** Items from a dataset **
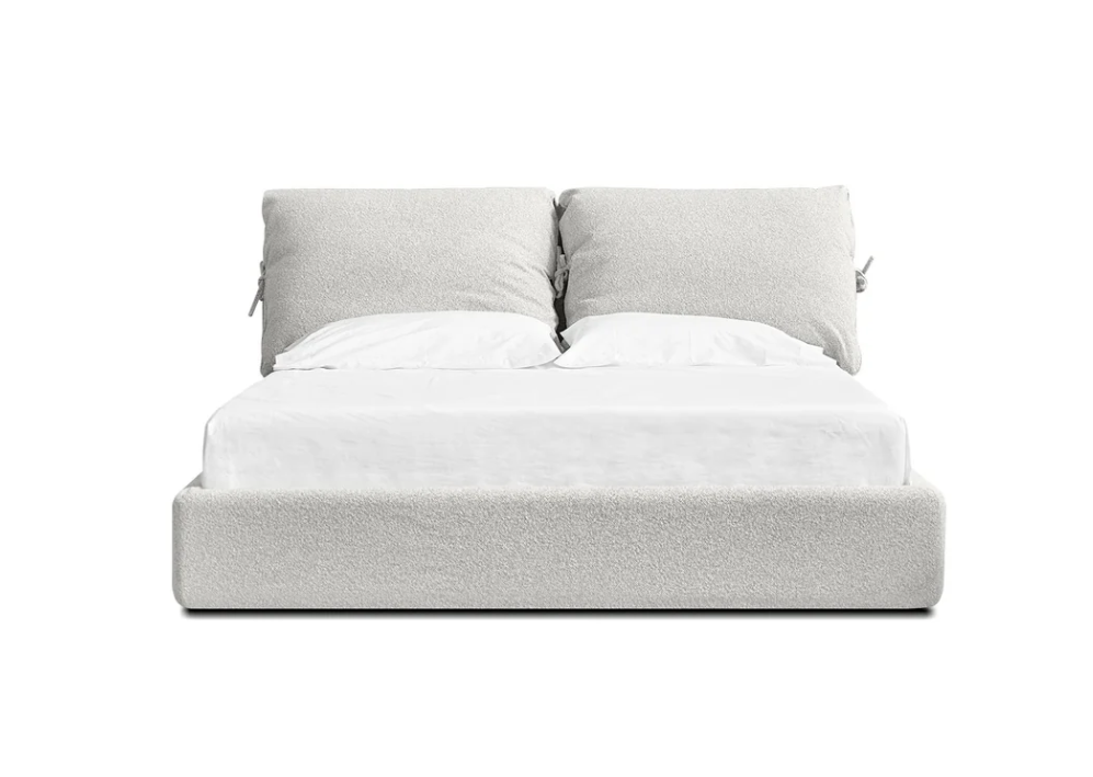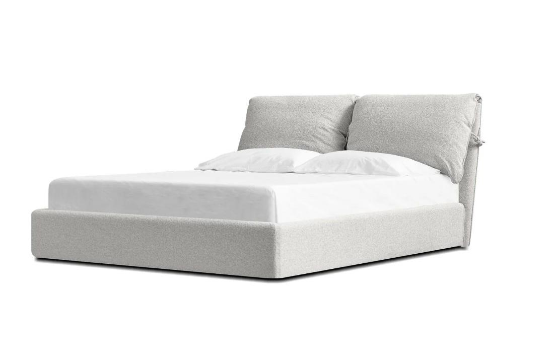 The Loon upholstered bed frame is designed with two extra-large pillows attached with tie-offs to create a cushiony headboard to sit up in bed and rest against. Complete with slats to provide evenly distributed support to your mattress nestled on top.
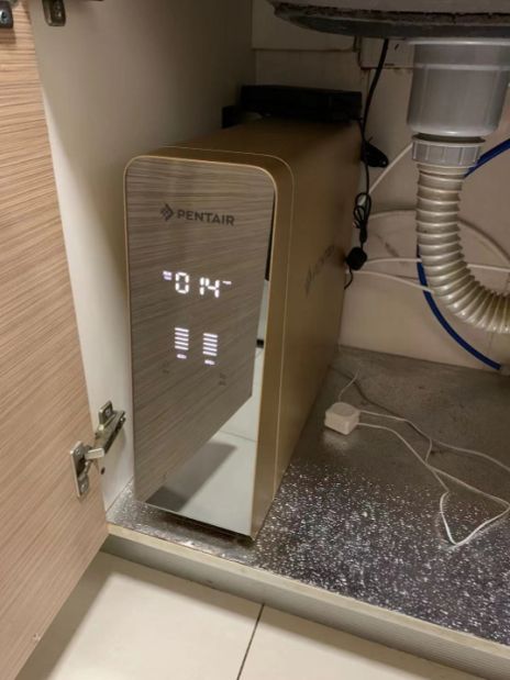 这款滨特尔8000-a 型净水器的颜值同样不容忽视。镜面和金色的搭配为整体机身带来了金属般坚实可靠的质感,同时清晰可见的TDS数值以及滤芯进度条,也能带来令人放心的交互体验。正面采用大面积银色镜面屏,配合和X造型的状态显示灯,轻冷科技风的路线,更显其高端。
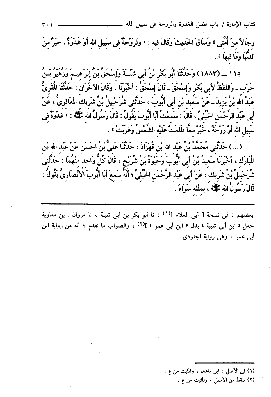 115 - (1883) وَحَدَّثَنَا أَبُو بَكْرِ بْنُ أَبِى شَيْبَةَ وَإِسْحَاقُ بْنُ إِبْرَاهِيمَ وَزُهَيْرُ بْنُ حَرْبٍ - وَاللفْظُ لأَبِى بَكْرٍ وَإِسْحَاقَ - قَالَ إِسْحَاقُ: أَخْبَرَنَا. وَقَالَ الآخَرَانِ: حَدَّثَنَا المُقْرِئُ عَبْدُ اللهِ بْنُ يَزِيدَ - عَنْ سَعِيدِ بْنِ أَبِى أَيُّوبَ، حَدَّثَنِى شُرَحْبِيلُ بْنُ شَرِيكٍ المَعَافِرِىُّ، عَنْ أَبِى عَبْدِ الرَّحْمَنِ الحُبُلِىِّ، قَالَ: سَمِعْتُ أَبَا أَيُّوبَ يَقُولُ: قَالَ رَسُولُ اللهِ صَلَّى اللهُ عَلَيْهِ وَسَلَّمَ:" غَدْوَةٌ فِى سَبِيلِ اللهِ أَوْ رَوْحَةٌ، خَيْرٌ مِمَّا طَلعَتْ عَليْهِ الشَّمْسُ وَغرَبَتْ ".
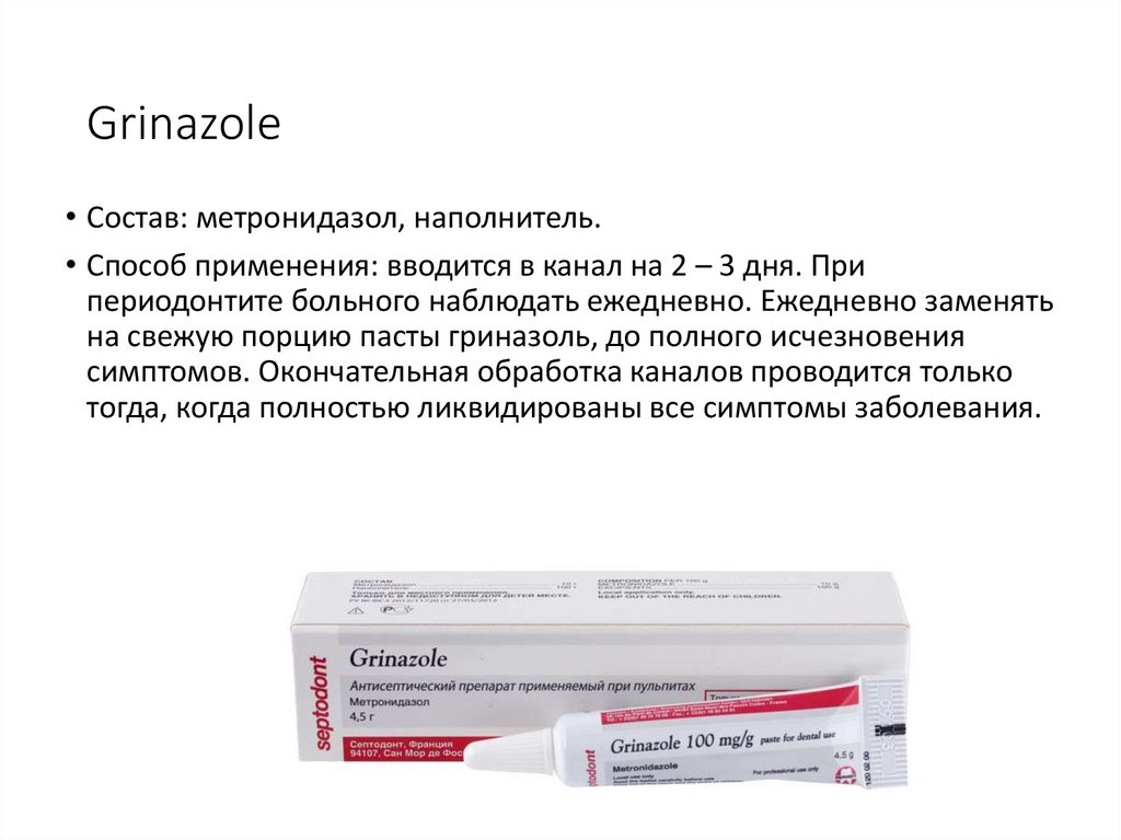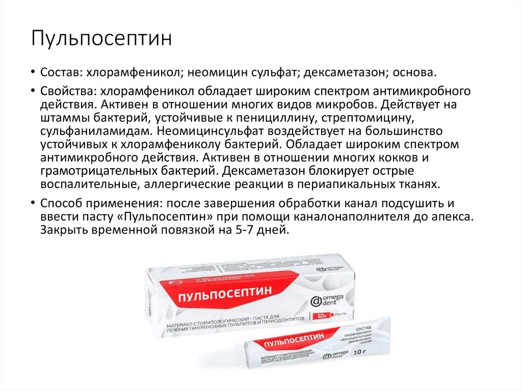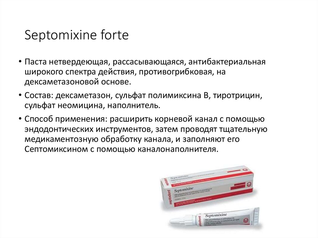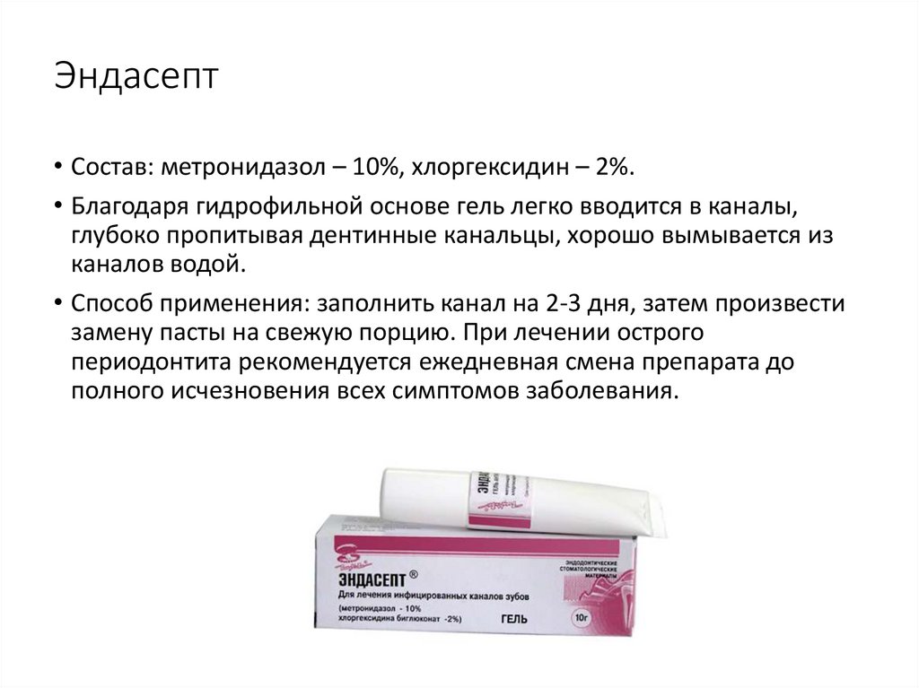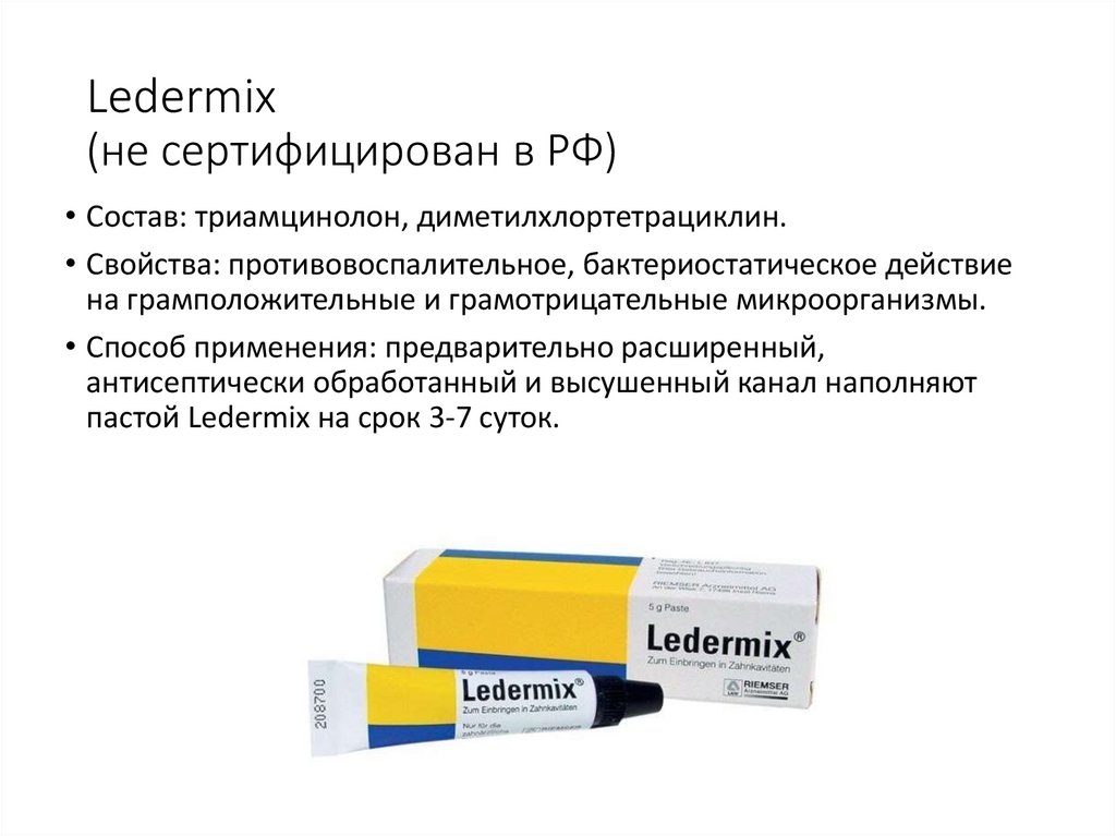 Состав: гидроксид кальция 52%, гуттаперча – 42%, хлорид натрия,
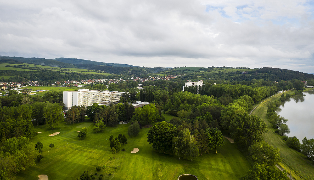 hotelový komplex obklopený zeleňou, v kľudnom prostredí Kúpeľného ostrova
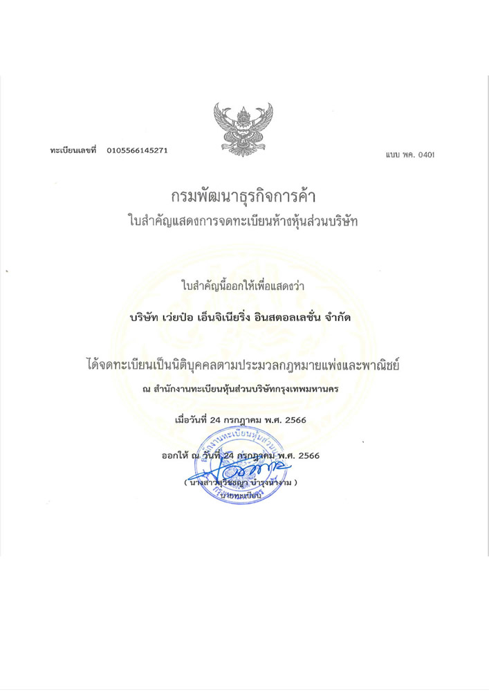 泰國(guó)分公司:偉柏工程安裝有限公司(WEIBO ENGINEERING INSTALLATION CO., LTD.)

** WHAT IS BEING ASKED **
Repeat all the records above exactly, leaving out any pictures.

** RESPONSE BOX **
 The Loon upholstered bed frame is designed with two extra-large pillows attached with tie-offs to create a cushiony headboard to sit up in bed and rest against. Complete with slats to provide evenly distributed support to your mattress nestled on top.
 这款滨特尔8000-a 型净水器的颜值同样不容忽视。镜面和金色的搭配为整体机身带来了金属般坚实可靠的质感,同时清晰可见的TDS数值以及滤芯进度条,也能带来令人放心的交互体验。正面采用大面积银色镜面屏,配合和X造型的状态显示灯,轻冷科技风的路线,更显其高端。
 115 - (1883) وَحَدَّثَنَا أَبُو بَكْرِ بْنُ أَبِى شَيْبَةَ وَإِسْحَاقُ بْنُ إِبْرَاهِيمَ وَزُهَيْرُ بْنُ حَرْبٍ - وَاللفْظُ لأَبِى بَكْرٍ وَإِسْحَاقَ - قَالَ إِسْحَاقُ: أَخْبَرَنَا. وَقَالَ الآخَرَانِ: حَدَّثَنَا المُقْرِئُ عَبْدُ اللهِ بْنُ يَزِيدَ - عَنْ سَعِيدِ بْنِ أَبِى أَيُّوبَ، حَدَّثَنِى شُرَحْبِيلُ بْنُ شَرِيكٍ المَعَافِرِىُّ، عَنْ أَبِى عَبْدِ الرَّحْمَنِ الحُبُلِىِّ، قَالَ: سَمِعْتُ أَبَا أَيُّوبَ يَقُولُ: قَالَ رَسُولُ اللهِ صَلَّى اللهُ عَلَيْهِ وَسَلَّمَ:" غَدْوَةٌ فِى سَبِيلِ اللهِ أَوْ رَوْحَةٌ، خَيْرٌ مِمَّا طَلعَتْ عَليْهِ الشَّمْسُ وَغرَبَتْ ".
 Состав: гидроксид кальция 52%, гуттаперча – 42%, хлорид натрия,
 hotelový komplex obklopený zeleňou, v kľudnom prostredí Kúpeľného ostrova
 泰國(guó)分公司:偉柏工程安裝有限公司(WEIBO ENGINEERING INSTALLATION CO., LTD.)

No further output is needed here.